Direspon dingin, si kacamata mencoba lagi meski sedikit memaksa, "T-tapi aku serius. Aku butuh jawabanmu... aku sudah... terlalu lama menunggu!" dan suaranya semakin lama terdengar ragu.
Namun pirang stroberi kembali diam. Memutuskan mengendap temporer dalam bacaan. Sepertinya kakinya sudah hafal setiap seluk-beluk area yang dilewati sehingga tidak takut tersesat apalagi tertabrak.
"Aku paham kalau kau tidak merasa nyaman. Karena aku sekarang murid kelas E..."
Berjuang melangkah selambat siput di sebelah siswa berpengaruh Kunugigaoka, yang berkacamata mulai lelah meminta atensi. Lebih baik bermonolog saja, dengar atau tidak didengar. Dia merasa harus menyampaikan isi perasaannya yang suda tertimbun lama, kalau memang setahun dua bulan empat hari merupakan rentang yang terbilang lama.

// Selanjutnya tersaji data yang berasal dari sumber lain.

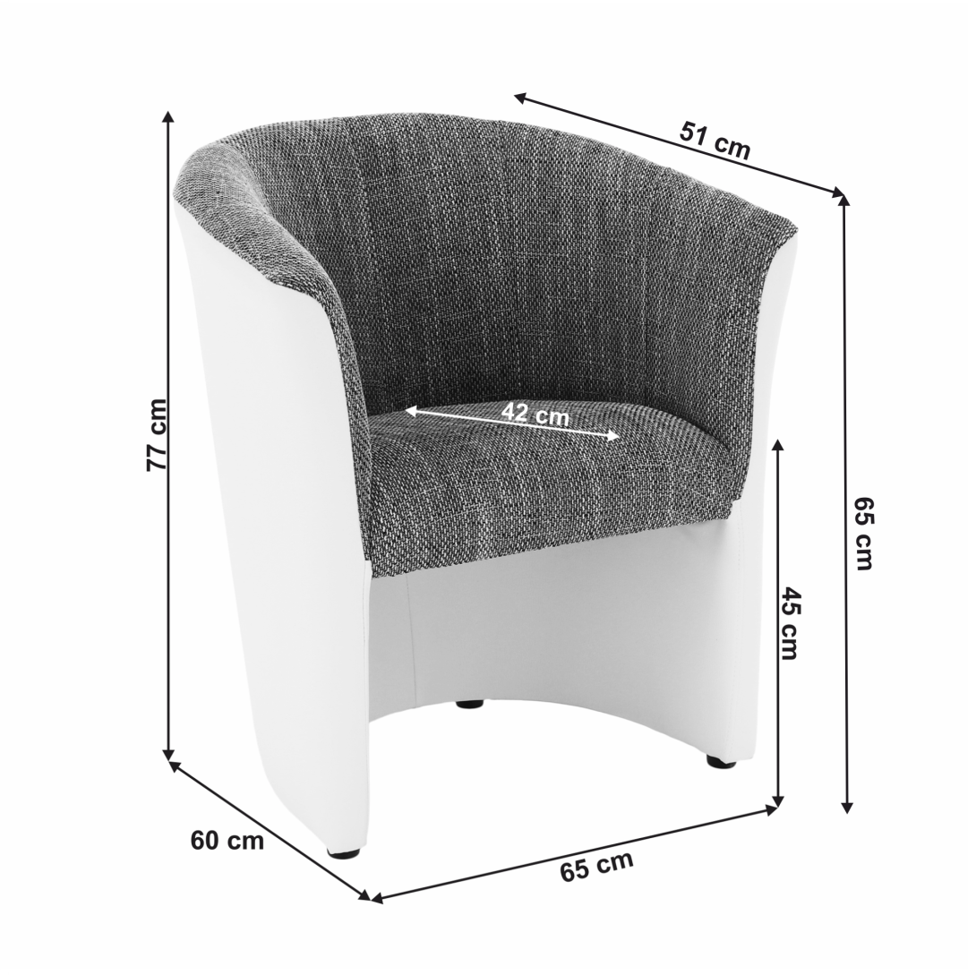Kreslo CUBA, Materiál: ekokoža/látkaOderuodolnosť textílie podľa testu Martindale: 100 000 oderovOdtieň: biela/siváRozmery (ŠxHxV): 65x60x77 cm. Nosnosť: 120 kgMožnosť objednania v látke Savana: 99 Eur, v látke Kronos: 99 Eur, v mikrofáze: 89 Eur, v ekokoži za cenu 105 Eur, v kombinácii látky s ekokožou za cenu 105 Eur alebo v kombinácii látky Soro a Lava za cenu 99 Eur. Pri individuálnej objednávke je potrebné zaplatiť 10% zálohu z danej sumy. Po uhradení zálohy bude Vaša požiadavka zadaná do výroby. Doba dodania 8-10 týždňov.

"...tapi kau tahu, Asano. Aku... perasaanku ini... sungguh-sungguh,"
Geming. Hening. Takebayashi seperti sedang bicara dengan tembok yang kebetulan bisa bernapas.
"Asano! Tolong!"
"Kecilkan suaramu."
Respon itupun didapat karena mereka baru saja memasuki stadion pustaka, dengan bahasa populer; perpustakaan. Sungguh ironis melihat jumlah minim para murid berseragam yang berkunjung di luar jadwal ujian semester mingguan.
Mengambil posisi jauh dari titik keramaian, Asano menarik kursi. Duduk. Dan tenggelam lagi dalam fokusnya sedari tadi.
"Kalau kau tidak mau bicara, aku akan pulang."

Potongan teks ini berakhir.